Benjamin N. Lovejoy (born February 20, 1984) is an American former professional ice hockey defenseman. He most recently played for the Dallas Stars of the National Hockey League (NHL). He has also played for the Pittsburgh Penguins, the Anaheim Ducks and the New Jersey Devils.

His nickname "The Reverend" comes from The Simpsons character Reverend Lovejoy.

Playing career

Amateur
As a youth, Lovejoy played in the 1998 Quebec International Pee-Wee Hockey Tournament with the Middlesex Islanders minor ice hockey team.

Lovejoy played hockey at Cardigan Mountain School in Canaan, New Hampshire and then at Deerfield Academy in Deerfield, Massachusetts. The two programs have turned out numerous NCAA Division 1 standout players over the past two decades, many of whom have gone on to continue their playing careers in the NHL.

Undrafted by an NHL team, Lovejoy played one year for Boston College and three years for Dartmouth College of the NCAA's Hockey East and ECAC conferences, respectively. During his third year of collegiate hockey, he was offered a professional contract by the Montreal Canadiens, though he declined the offer in order to finish his degree and develop further as a player. Lovejoy also played lacrosse at Dartmouth, earning All-Ivy honors in 2006. He graduated from Dartmouth in 2006.

Professional
Lovejoy began his professional career immediately after his final collegiate season. and played five games with the Norfolk Admirals of the American Hockey League (AHL) to end the 2006–07 season. In the summer of 2007, Lovejoy signed an AHL contract with the Wilkes-Barre/Scranton Penguins, the top minor league affiliate of the Pittsburgh Penguins. He scored his first professional goal at home on March 17, 2008. Lovejoy ended the season with 20 points (two goals and 18 assists) from 72 games and recording a +16 plus-minus rating.

On July 7, 2008, Lovejoy signed an NHL contract with the Pittsburgh Penguins. On December 7, 2008, when a replacement was needed for Pittsburgh defenseman Hal Gill, Lovejoy received his first call-up to the NHL. At the time of his recall, he was ranked in the top ten amongst AHL defensemen in 14 points (four goals and ten assists) and placed in the top ten amongst all AHL players in plus minus, with +14 in 24 games. Lovejoy made his NHL debut on December 8, 2008, in a 4–3 loss against the Buffalo Sabres.

Lovejoy was named to the PlanetUSA squad for the 2009 AHL All-Star Classic, which was held January 25 and 26, 2009, at the DCU Center in Worcester, Massachusetts. During the Skills Competition, he took part in the hardest shot and breakaway challenges.

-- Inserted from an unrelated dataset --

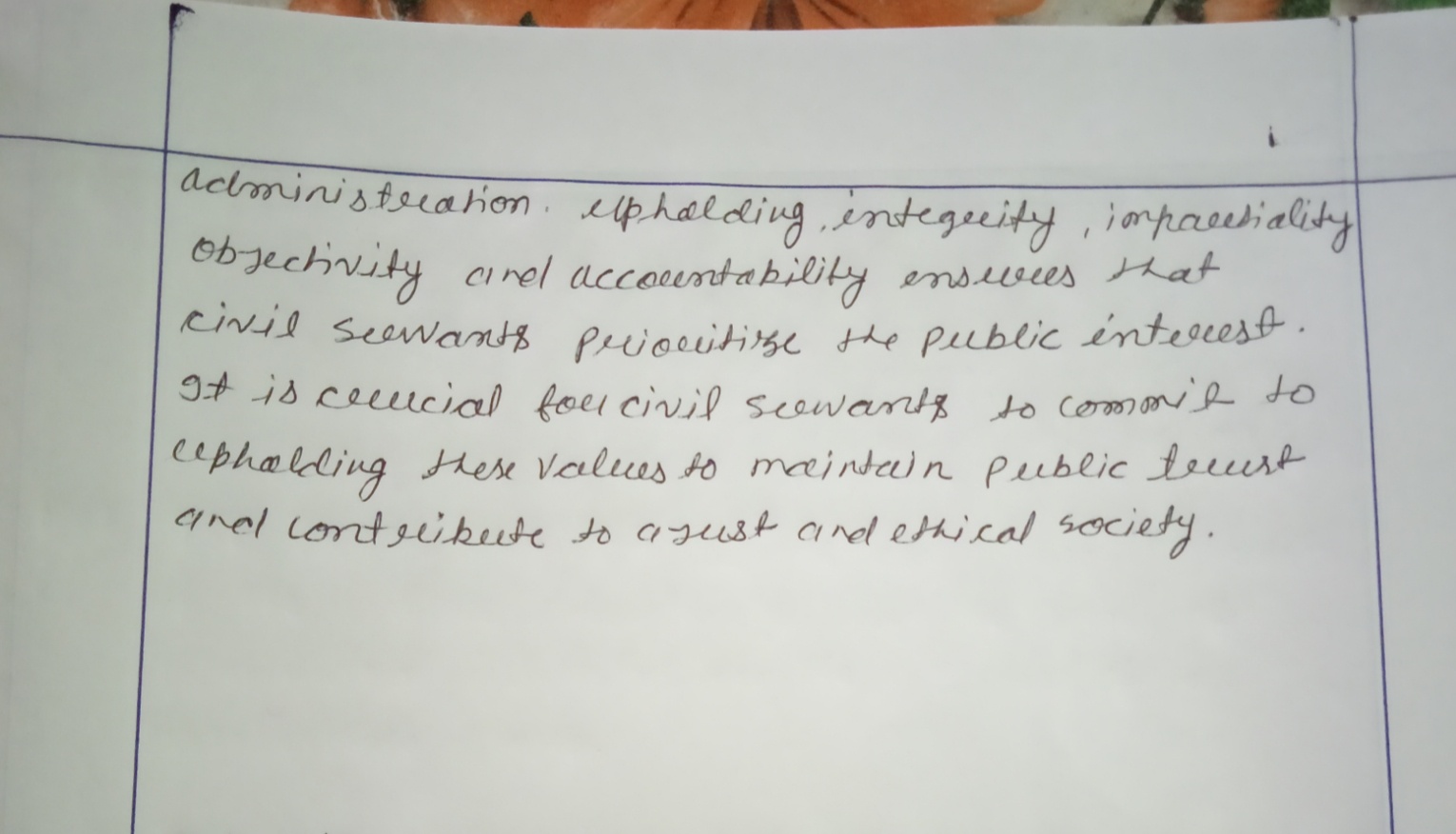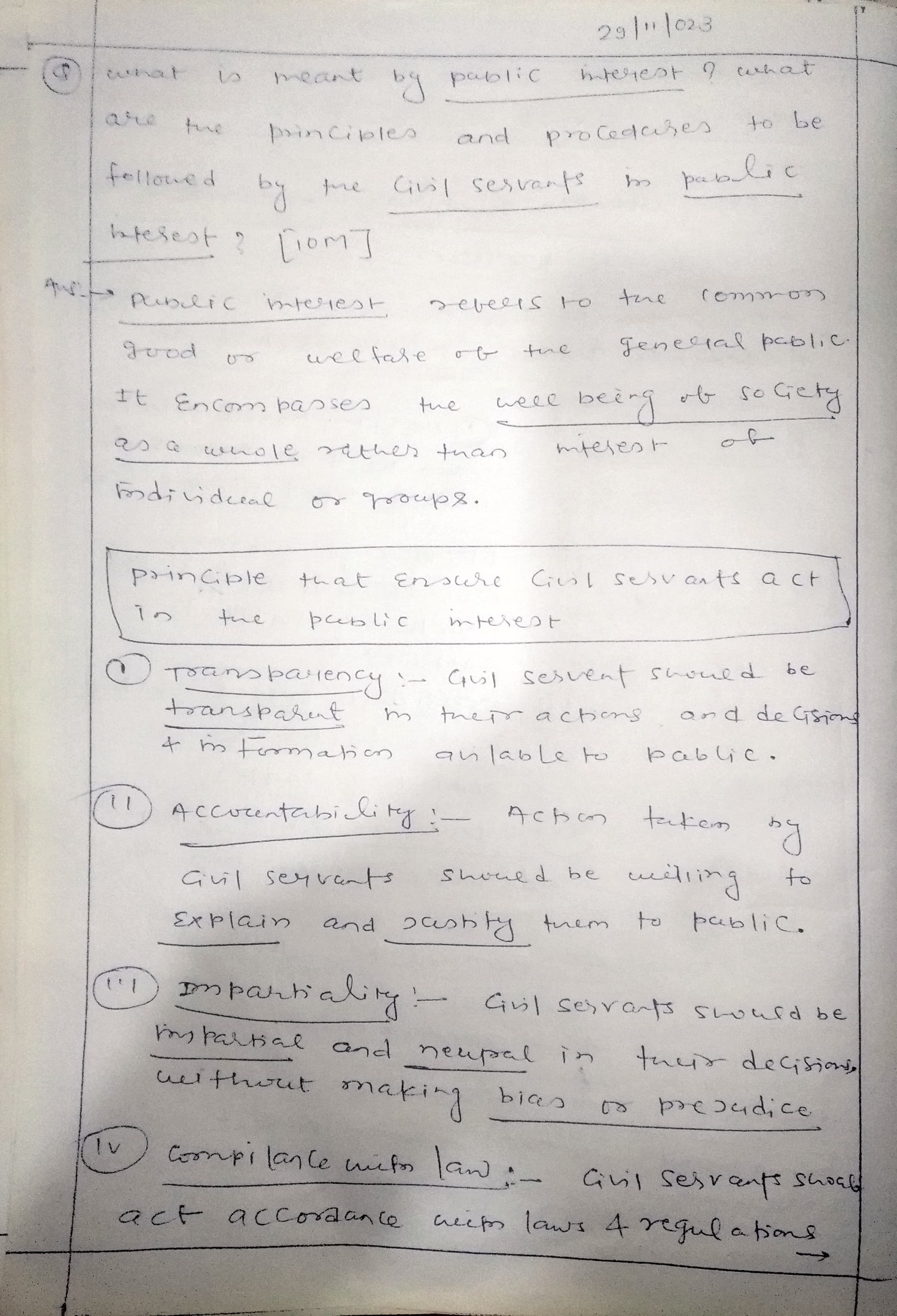 In conclusion, acting in the public interest is a fundamental principle of civil service in India. Civil servants must adhere to certain principles and procedures, including transparency, objectivity, efficiency, and respect for human rights and dignity, to ensure that their actions and decisions are aligned with the best interests of the public they serve.

On April 11, 2009, Lovejoy received the Second Team AHL All-Star Award, as well as being named the League's top defenseman. He ended the regular 2008–09 season leading the entire AHL in plus-minus, with +42. He was called up during the playoffs by Pittsburgh as a spare player. Lovejoy did not play in the playoffs, but was included on the team picture, and awarded a Stanley Cup ring. Lovejoy only played 2 games for Pittsburgh in 2008–09, so he did not qualify to have his name stamped on the Stanley Cup.

Lovejoy notched his first NHL point with an assist during a 6–5 Penguins victory over the Boston Bruins on November 14, 2009. He scored his first NHL goal on December 22, 2010, against Scott Clemmensen of the Florida Panthers. In the same game, he took an opposing shot off of his cheek, causing massive swelling.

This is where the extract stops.